OCR Enforces Patient’s Right to Religious Visits and Services

July 23, 2020Alerts

On July 21, 2020, the Office of Civil Rights (OCR) announced settlement of a patient complaint with the Prince George’s Hospital Center of the University of Maryland Medical System (UMMS) that enforces a patient’s right to religious visitation in health care facilities even during the COVID-19 pandemic.

The patient was in an intensive care unit following a major car accident. His family requested that a local priest visit and pray with the patient. UMMS denied visitation even though the priest was willing to wear any necessary personal protective equipment and adhere to UMMS infection control and visitor procedures. The Centers for Medicare and Medicaid Services (CMS) through the OCR provided technical assistance to UMMS and required revision to visitor policies for all 13 hospitals in the UMMS system. Of note, the OCR did not impose any penalties or other sanctions. However, as federal guidance becomes better known, enforcement other than technical assistance could become more common.

The OCR announcement and the UMMS policy provide insight into what is prohibited and permissible in visitor policies during the pandemic or any infection control situation. The settlement builds on the CMS revised Infection Control and Prevention Guidance issued on March 30, 2020.

Prohibited:

  • Blanket prohibition on visitors for patients without COVID-19.
  • Total prohibition on visitors for patients diagnosed with COVID-19 or who are under investigation for exposure to COVID-19.
  • Blanket prohibition or restrictions on religious services from clergy for patients who are not suspected or confirmed to have COVID-19 other than limiting such visits and services to a reasonable time in a manner that does not disrupt care.

Limited Exceptions:

Visitation, including by clergy, of patients with COVID-19 or who are under investigation for contracting COVID-19 can be restricted to limited exceptions:

  • At the end of life.
  • For end of life religious services.
  • Two parents or guardians may visit a child during hospital visiting hours and one may remain overnight if the hospital can accommodate the overnight visit.
  • Patients with disabilities, including those who are suspected or confirmed to have COVID-19, may have two designated support persons or guardians stay with them during hospital visiting hours and one may remain overnight if the hospital can accommodate him or her.

Permitted:

  • Screening visitors for COVID-19 or exposure to COVID-19.
  • Limiting the number of visitors and hours for visitation.
  • Restricting the location for visitation.
  • Requiring personal protective equipment, such as facemasks.
  • Prohibiting visitation during active clinical care.
  • Prohibiting visitation for patients with suspected or confirmed COVID-19 except in the circumstances listed above.
  • Prohibiting visitation for outpatients with suspected or confirmed COVID-19 except for persons with disabilities.
  • Limiting visitors for outpatient appointments to designated waiting areas except for patients with disabilities in need of support persons.
  • Limiting visitors to age 18 or older unless they are the parent of a patient.
  • Limiting visitors to one person per day.
  • Not permitting visitors to leave and come back in the same day.
  • Enforcement of proper infection prevention practices and adherence to visitor policy rules.
  • Requiring visitors to sign an acknowledgment or acceptance of risk, particularly in visiting COVID positive units.

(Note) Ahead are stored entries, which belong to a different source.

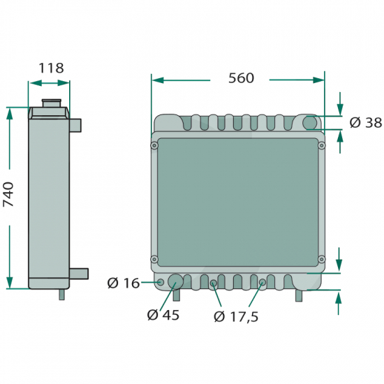 Totalbredde: 560mmKjøler som passer til diverse Ford traktorer (Se "Passer til").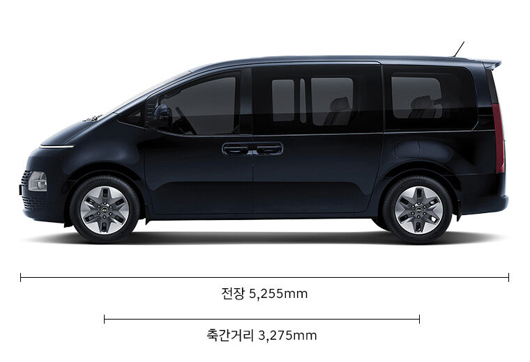 측면 디자인에서는 전장 5,255mm, 전폭 1,995mm, 전고 1,990mm로 길고 넓은 차체가 눈에 띕니다. 이 덕분에 승객과 화물 모두 넉넉한 공간을 제공하며, 전고가 높아 승차와 하차도 매우 편리합니다. 17인치 알로이 휠이 기본으로 장착되어 미니밴의 세련된 스타일을 더욱 부각시키며, 차량의 전체적인 균형감을 유지합니다.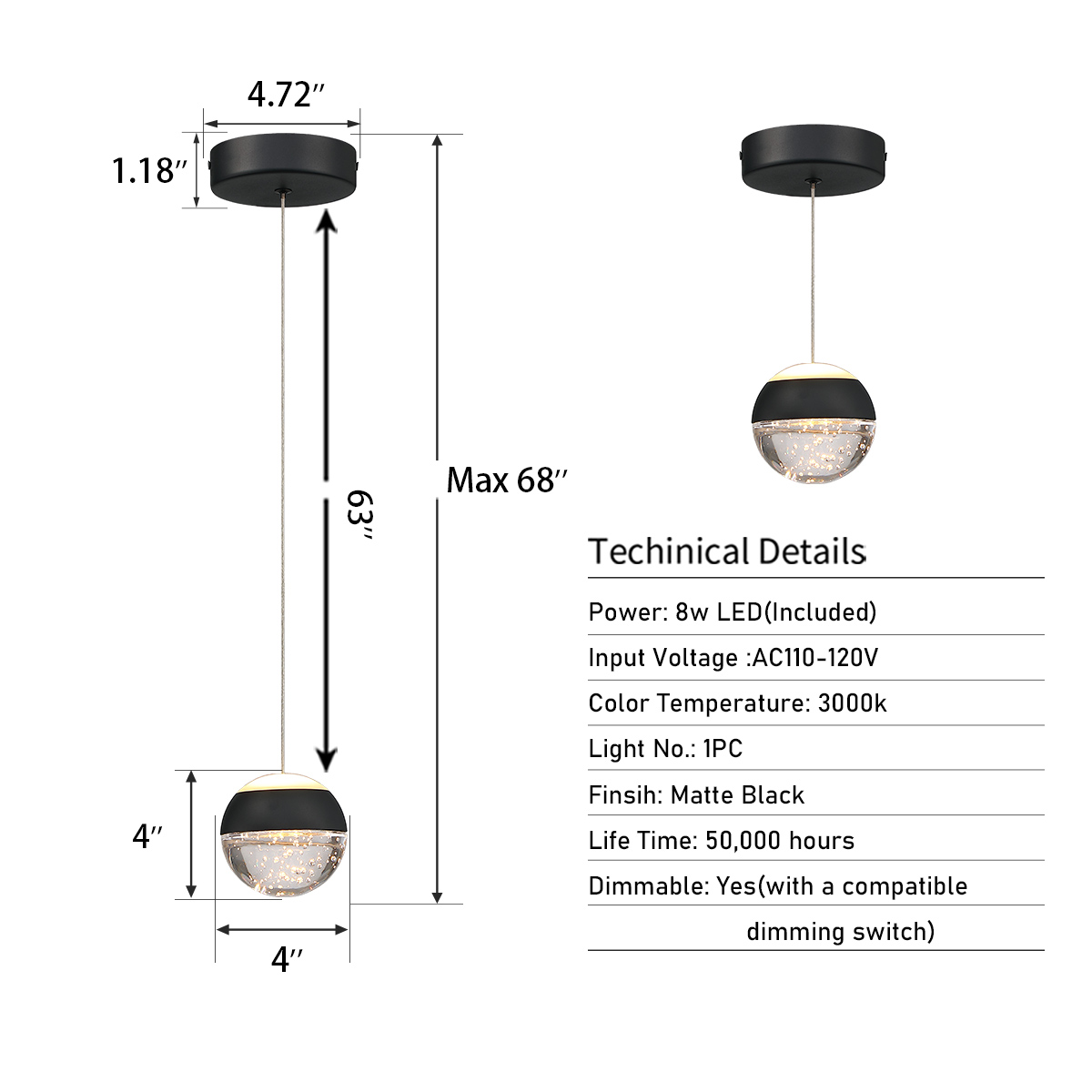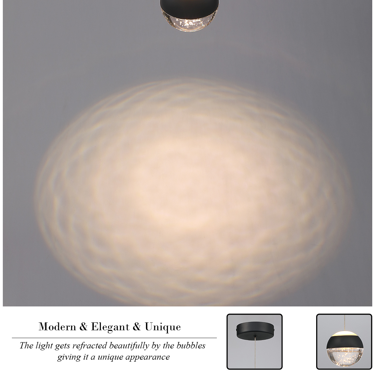 - Attractive and Versatile: When the light is on, this globe crystal pendant light looks really nice and creates nice reflection through the bubbles inside of it, perfect for decoration in kitchen island, above the sink or bar counter, bathroom and bedroom bedside. Please note that it's an accent light, not designed to light up a room.

Facilities should review visitor policies to ensure they adhere to this guidance. Facilities would also be well served to develop criteria for evaluating what constitutes “end of life“ and who qualifies as a “person with disabilities in need of a support person.”

Having such guidance in place will inform patients, reduce arbitrariness or inconsistency in applying the policy to different religious denominations, forms of disability and patient circumstances, help staff enforce appropriate policies and reduce the risk of violating patient rights and OCR guidance. OCR is likely to become less tolerant of inappropriate visitor policies now that CMS has provided guidance and OCR has announced enforcement that implements CMS guidance.